It is worth noting that despite 75% of the sample scoring 9 or higher on the PHQ-9 (scores of 5–9 indicate mild depression, scores of 10–14 indicate moderate depression), over half the sample questioned the seriousness of their needs and felt their stress levels were „normal‟ for college, suggesting that students may lack awareness of their own symptoms or have misperceptions regarding the stress of others. Similarly, despite no-cost campus mental health services available at all four participating universities, nearly half of the sample cited finances as a barrier to MH treatment.

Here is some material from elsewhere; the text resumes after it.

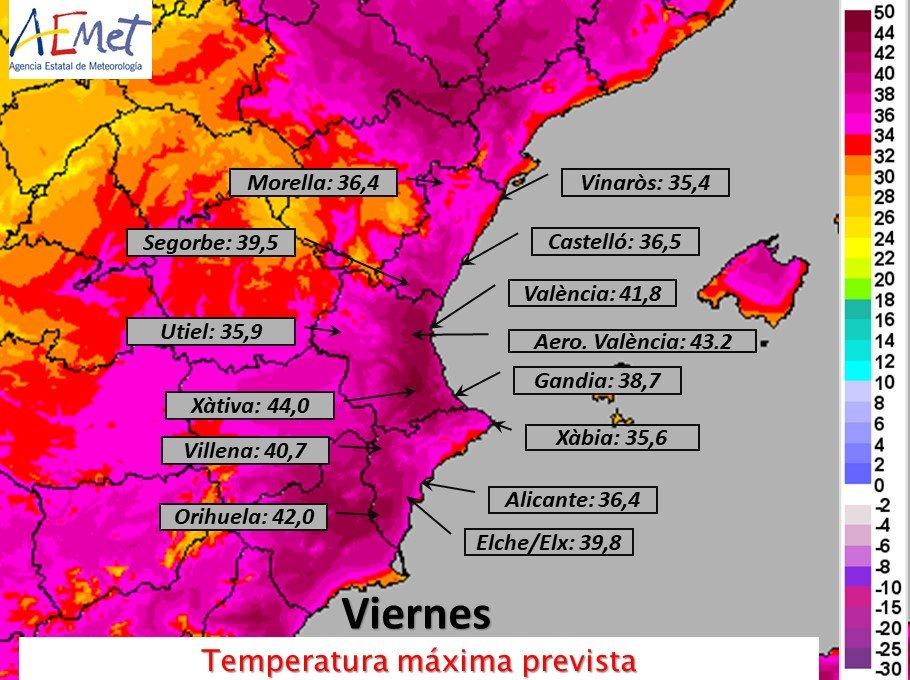 De esta forma, y como ya informó este medio, Castellón podría alcanzar los 42 grados de temperatura máxima este viernes y en la jornada de mañana sábado. Unos datos atmosféricos de los más extremos que se recuerdan i de los más altos desde que hay registros en la provincia tal y como recoge el cronista de la Ciudad de Castellón, Juan Antonio Balbás, en el ‘Libro de la Provincia de Castellón’ (1987, P-668): "El 17 de agosto de 1881 se produjo en la capital de la Plana “un horroroso viento de poniente nunca sentido con tanta violencia en este país. El calor era insoportable, llegando el termómetro centígrado en la capital a 42 grados a la sombra y 50 al sol”.

The rise in demand for MH care among college students has led to some counseling centers placing limits on sessions, having longer waitlists, and referring more students to off-campus providers (Gallagher, 2012). Thus, in spite of efforts to increase accessibility and affordability, many college counseling centers are under-resourced to meet the needs of the student population, particularly those with moderate-to-severe MH problems.
In summary, the barriers to MHSU among elevated-risk students on college campuses present a significant challenge and require a tailored, multifaceted approach. Our findings suggest that different sociodemographic groups on college campuses may require different types of support in addressing these barriers as a function of gender, race/ethnicity, sexual orientation, and age or degree program. Future directions in this line of research include an examination of intersectionality and the ways in which identification with multiple marginalized groups impacts barriers to MHSU. Further, additional research is needed to develop and evaluate interventions and programs directly targeting these MHSU barriers on college campuses, and to determine the extent to which tailored approaches based on sociodemographic factors can improve outcomes.
Limitations
Findings should be interpreted within the context of the study limitations. Although our study sample was drawn from four universities from different parts of the US, it was not a nationally representative sample. Our initial online screen had a consent rate of 23%, which enabled us to reach a particularly large study sample and is consistent with other large college campus surveys (e.g., Lipson et al., 2018b). Nevertheless, a minority of invited students participated, which limits the generalizability of findings. A study by Fosnacht and colleagues (2017), however, demonstrated that low response rates in college samples can provide reliable estimates as long as administrative sample sizes are large. While racial/ethnic distribution of those participating in the screen aligned with the population statistics reported by their respective universities, women were more likely than men to participate in the study, and it is possible that other differences exist between those who completed or did not complete our screening survey. Further, our assessments of suicidal ideation and attempt were with dichotomous variables that did not capture differences in severity (e.g., whether ideation included intent, methods used in past suicide attempt, etc.), so there may have been variation in risk that was not fully accounted for among our sample of students at elevated suicide risk. Similarly, barriers were identified by participants by checking a box from a list of common barriers, and we were thus unable to determine the degree to which the checked barriers were differentially influential in preventing MHSU. Finally, the inclusion of students with past-year treatment (though not current/active) and without past-year SI may have made the sample more heterogeneous and unspecified,2 though past-year SI and past-year treatment were included as control variables in the regressions.
Conclusions
Mental health problems, including suicidal thoughts and behaviors, are increasing among college students, yet rates of MHSU remain low. Addressing this increased need for care requires a dynamic approach that targets both practical access-related barriers and internalized beliefs that reduce likelihood of help-seeking in college students. Our findings suggest that financial concerns are more prominent for women, racial/ethnic minorities, and SGM students; privacy and stigma concerns are more prominent for men and younger undergraduates; and cultural sensitivity issues continue to be barriers for SGM and racial/ethnic minority students. In order to reduce unmet needs for mental health care, approaches to increase MHSU must be tailored to address the barriers and meet the specific needs of subgroups within an increasingly diverse college student population.
Highlights.
Financial barriers more common among women, racial/ethnic/gender/sexual minorities
Male students were more likely to report privacy and stigma barriers to care
Young students reported more perceptual barriers (e.g., stigma, low perceived need)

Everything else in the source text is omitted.